Há uma quantidade considerável de habilidade, para não dizer de arte, na diagramação. No mínimo, há estilos de diagramação claramente reconhecíveis, do mesmo modo que há diferentes estilos de dobras. Na tentativa de definir os critérios da diagramação para maximizar a clareza, devemos evitar ao máximo empregar toda nossa expressão individual neles. Nosso objetivo é a clareza, não nossos clones. Mesmo assim, uma pequena variação entre o trabalho de diferentes diagramadores é inevitável. Contudo, estas variações devem ser pontuais em estilo – traço das linhas, qualidade, variações nas proporções – e não nos símbolos básicos.

Bordas versus Vincos

Diagramadores profissionais – aqueles poucos que escrevem livros e são pagos por isso – geralmente usam 2 tipos diferentes de traços de linha para dizer o que são bordas (edges) e vincos (creases).

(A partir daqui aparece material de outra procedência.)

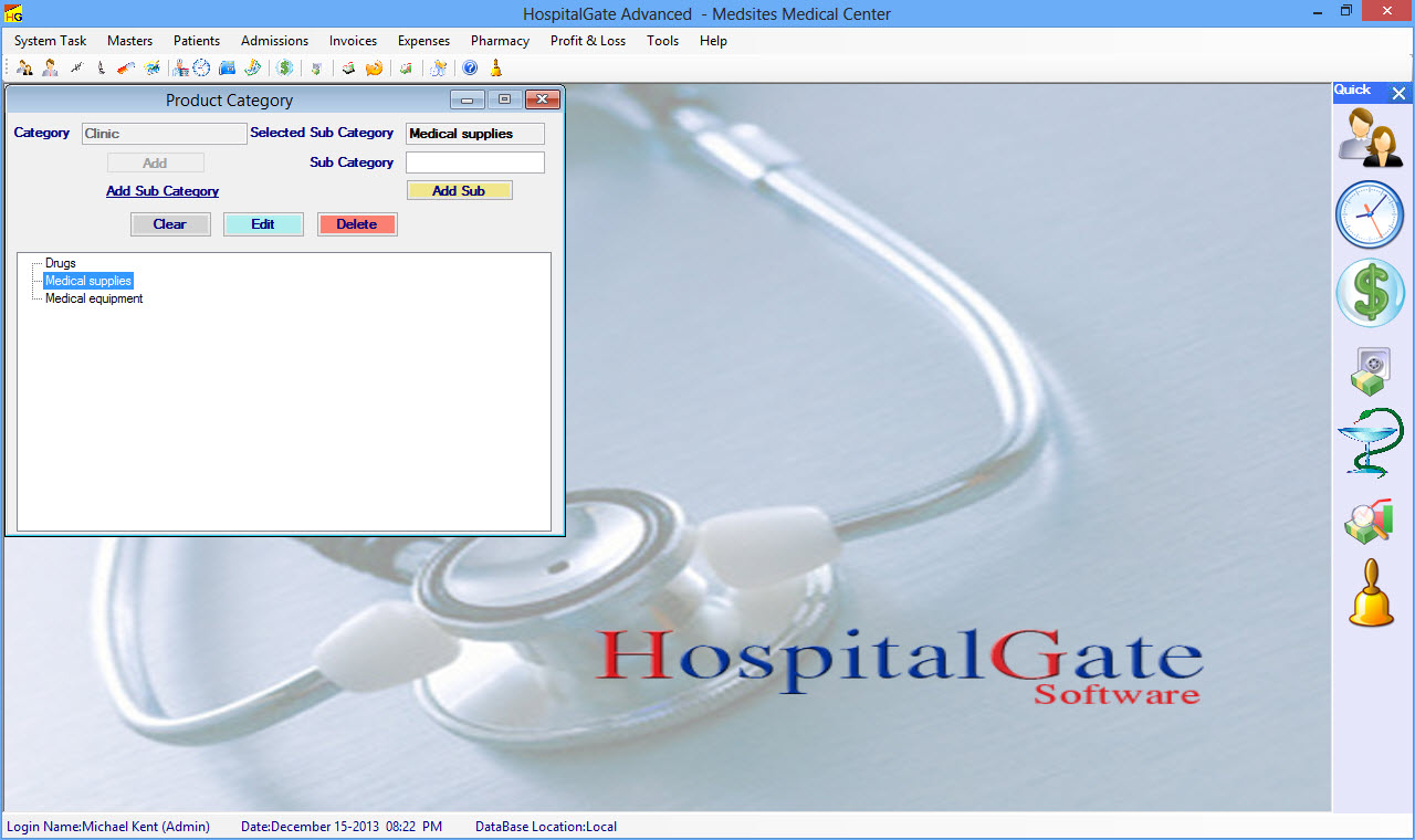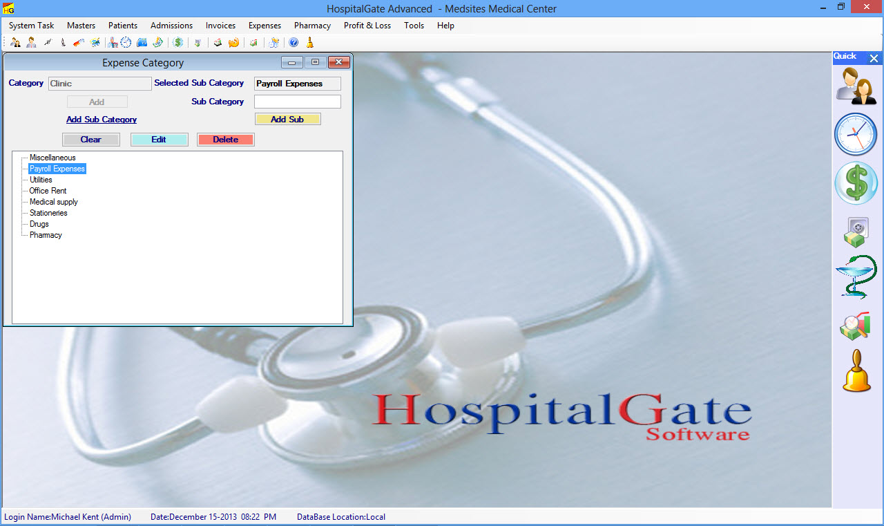 Add, Edit & Delete Practice Expenses / category & sub-category

As espessuras típicas são linhas de 1 e 1/2 ponto para bordas e vincos, respectivamente (Um ponto é uma unidade tipográfica que é 1/72 de polegada). Diagramadores profissionais conseguem isso através de canetas de uso técnico – por exemplo, canetas Rapidograph (N.T. são canetas hidrográficas que tem espessura da linha diversificada e bem definida). Eles custam em torno de $15 cada um, ocasionalmente entopem e porque são canetas ao invés de lápis, as consequências de um erro são difíceis de serem apagadas (apagadores elétricos custam algo entre $60-$100). É por isso que profissionais usam 2 tipos diferentes de espessura de linha, mas a maioria dos diagramadores não é profissional. Eles não tem acesso a ferramentas profissionais de desenho e eles não deveriam ser obrigados a usá-los para produzir diagramas legíveis. – Alguém ainda usa canetas Rapidograph? Os programas de desenho por computador dão ao usuário o completo controle sobre as linhas e não deixam manchas negras em seus dedos -. N.T. Se você está começando a desenhar seus diagramas, um bom programa de computador é o Inkscape e é gratuito!

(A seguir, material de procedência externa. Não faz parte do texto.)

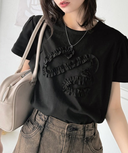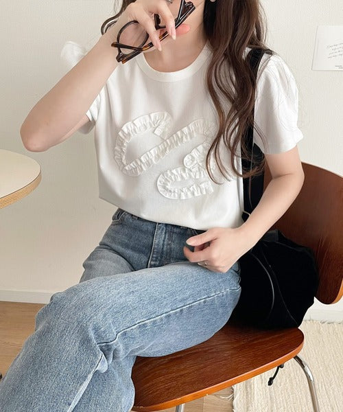 シンプルなTシャツに可愛らしさをプラスしたリボン刺繍デザイン。
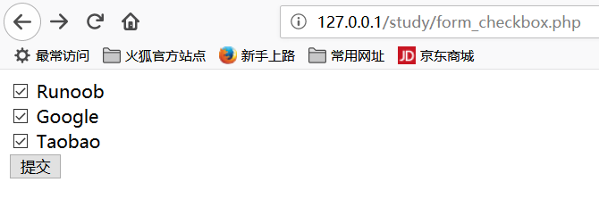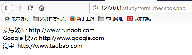 xxxxxxxxxx$q = isset($_POST['q'])? $_POST['q'] : '';if(is_array($q)) { $sites = array( 'RUNOOB' => '菜鸟教程: http://www.runoob.com', 'GOOGLE' => 'Google 搜索: http://www.google.com', 'TAOBAO' => '淘宝: http://www.taobao.com', ); foreach($q as $val) { // PHP_EOL 为常量,用于换行 echo $sites[$val] . PHP_EOL .'<br/>'; } } else {<form action="" method="post"> <input type="checkbox" name="q[]" value="RUNOOB"> Runoob<br> <input type="checkbox" name="q[]" value="GOOGLE"> Google<br> <input type="checkbox" name="q[]" value="TAOBAO"> Taobao<br> <input type="submit" value="提交"></form>}
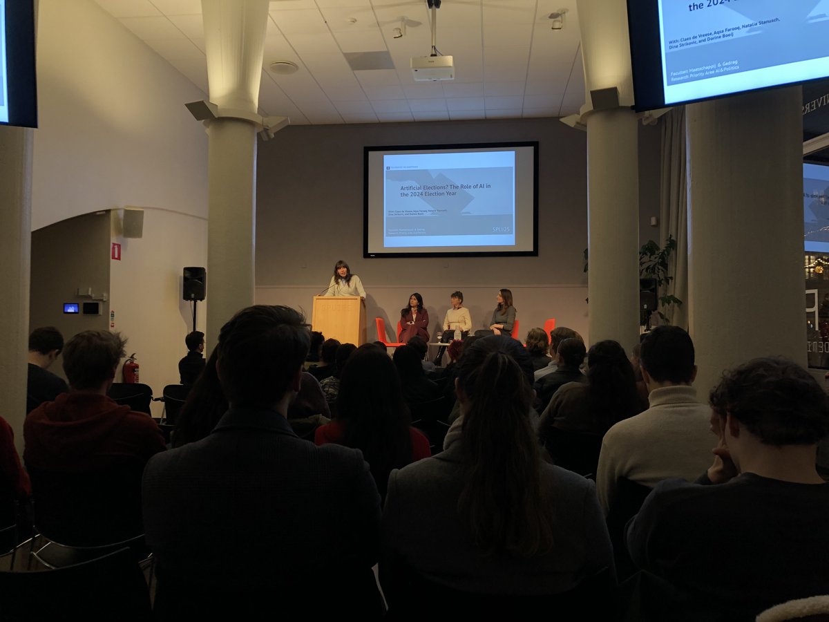 Eerst Aqsa Farooq, die dus bij communicatiewetenschap werkt en de presentatie van De Vreese begint te prijzen. uva.nl/en/profile/f/a…
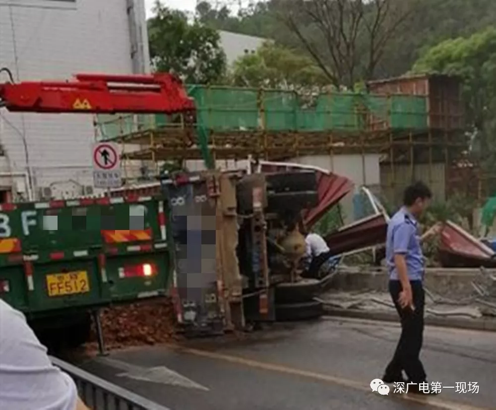 有現(xiàn)場目擊者表示這一次的側(cè)翻事故還造成了一名保安的腿部被壓,已被緊急送往醫(yī)院。
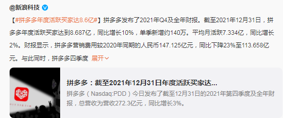根据拼多多年报显示,截至2021年12月31日,拼多多年度活跃买家达到8亿,同比增长10%。平均月活跃7亿,同比增长2%。
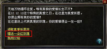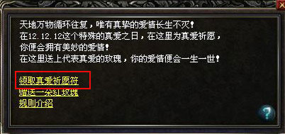 注:每位玩家只能领取1次真爱祈愿符。公测5区、6区玩家最多只能递交1次红玫瑰。1-30区、公测1-4区玩家最多只能递交2次红玫瑰。机会有限,仅此1天!
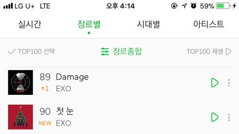 일간 순위 5년전 수록곡이 2주전 수록곡과 비슷
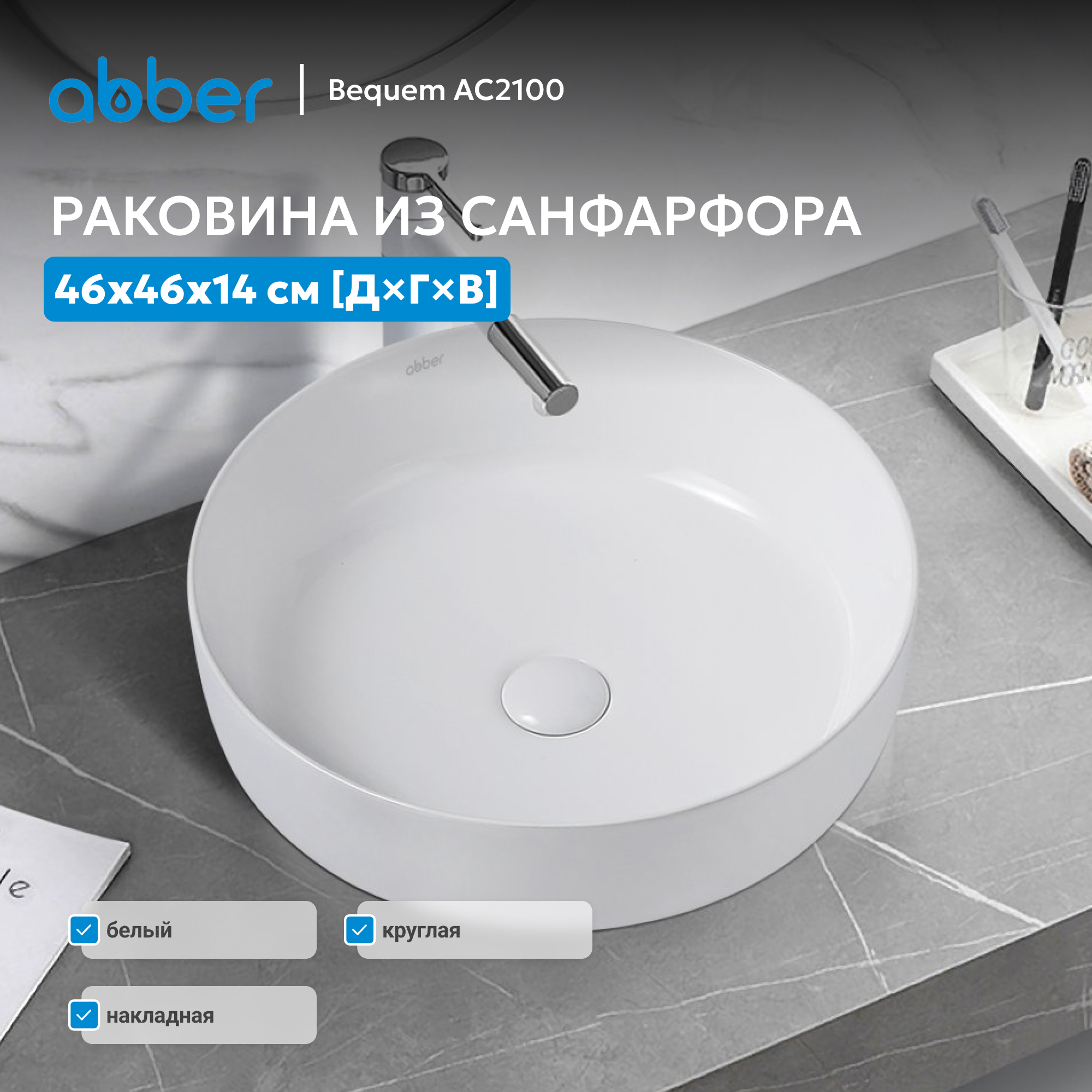 Раковина накладная ABBER Bequem AC2100 белая

Como Diagramar Origami: Bordas, Vincos, Dobras Vale e MontanhaMúltiplas espessuras de linha são desejáveis no desenho do diagrama, mas não são tão importantes. Podemos deixar os altos padrões ao profissional e não para o dobrador médio que quer apenas enviar seu modelo para uma convenção. O diagramador médio irá diagramar com apenas uma espessura de linha e provavelmente com um lápis ou caneta esferográfica. Diagramadores que desenham com uma espessura de linha diferenciam bordas e vincos assim: as linhas de vinco não tocam as bordas. Sempre há um espaço entre ele e a borda onde ele termina. A exceção é quando a linha do vinco vai abaixo de outra camada, só aí é que ele toca a borda (veja a figura 4).

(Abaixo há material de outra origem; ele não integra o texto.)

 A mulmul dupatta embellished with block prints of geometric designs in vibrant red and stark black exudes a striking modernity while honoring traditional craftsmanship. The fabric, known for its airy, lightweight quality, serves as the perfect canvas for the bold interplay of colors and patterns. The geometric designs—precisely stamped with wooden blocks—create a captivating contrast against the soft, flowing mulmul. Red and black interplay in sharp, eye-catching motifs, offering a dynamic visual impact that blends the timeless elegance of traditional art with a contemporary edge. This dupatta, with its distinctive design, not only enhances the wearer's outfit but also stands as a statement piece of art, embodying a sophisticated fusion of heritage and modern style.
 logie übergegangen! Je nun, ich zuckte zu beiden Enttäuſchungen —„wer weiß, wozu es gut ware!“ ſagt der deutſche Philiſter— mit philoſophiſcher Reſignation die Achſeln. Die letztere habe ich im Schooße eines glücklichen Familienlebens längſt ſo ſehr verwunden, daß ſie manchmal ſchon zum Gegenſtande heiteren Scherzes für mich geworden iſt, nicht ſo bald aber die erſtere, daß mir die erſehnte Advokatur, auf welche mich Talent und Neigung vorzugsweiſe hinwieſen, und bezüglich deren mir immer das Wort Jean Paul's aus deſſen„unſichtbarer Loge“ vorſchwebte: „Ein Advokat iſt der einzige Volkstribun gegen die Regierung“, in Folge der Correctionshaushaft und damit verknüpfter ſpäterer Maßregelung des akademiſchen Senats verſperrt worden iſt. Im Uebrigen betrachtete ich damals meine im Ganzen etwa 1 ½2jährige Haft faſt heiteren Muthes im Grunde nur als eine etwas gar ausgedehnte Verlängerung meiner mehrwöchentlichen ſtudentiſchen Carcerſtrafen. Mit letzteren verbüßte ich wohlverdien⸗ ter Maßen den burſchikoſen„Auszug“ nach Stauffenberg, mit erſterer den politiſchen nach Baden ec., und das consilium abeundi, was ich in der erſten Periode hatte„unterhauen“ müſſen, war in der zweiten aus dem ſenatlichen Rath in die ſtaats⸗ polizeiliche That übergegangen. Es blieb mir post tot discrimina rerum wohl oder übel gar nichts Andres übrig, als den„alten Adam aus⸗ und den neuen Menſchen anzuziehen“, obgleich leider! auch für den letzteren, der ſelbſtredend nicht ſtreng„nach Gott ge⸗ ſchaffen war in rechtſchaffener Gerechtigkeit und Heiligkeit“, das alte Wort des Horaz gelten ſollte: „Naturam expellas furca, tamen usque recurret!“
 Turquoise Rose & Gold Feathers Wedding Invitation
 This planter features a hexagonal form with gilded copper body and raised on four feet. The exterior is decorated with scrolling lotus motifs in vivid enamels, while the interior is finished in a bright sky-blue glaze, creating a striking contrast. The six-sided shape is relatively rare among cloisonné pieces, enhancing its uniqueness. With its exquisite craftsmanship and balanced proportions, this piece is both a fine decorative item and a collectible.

Nos modelos mais simples, você pode desenhar todos os vincos em todos os passos do modelo, com isto ajudará o leitor a se orientar-se pelo papel. É claro que se um vinco é usado como ponto de referência, ele deve ser desenhado. A medida que os modelos vão ficando mais complexos, contudo, os desenhos podem ficar amontoados com vincos desnecessários (e naturalmente, o modelo também). Então, pelo interesse da clareza, podemos omitir vincos sem importância já que deixaram de ser úteis. Uma linha de vinco que aparece, desaparece e reaparece aleatoriamente durante a sequência de dobras gera confusão e deve ser evitado.

Dobras Vale

Como Diagramar Origami: Bordas, Vincos, Dobras Vale e MontanhaNo painel de discussão e no questionário que enviei havia uma grande variação naquilo que as pessoas diziam que era “padrão” ou modos “apropriados” de desenho das manobras de dobra. Ainda bem que quase não houve divergência naquilo que constitui uma dobra vale. Uma dobra vale é indicada através de uma linha tracejada – sem discussão alguma. Contudo, há ainda espaço para variação. A escolha é esta: uma dobra vale deve iniciar com um traço ou com um espaço?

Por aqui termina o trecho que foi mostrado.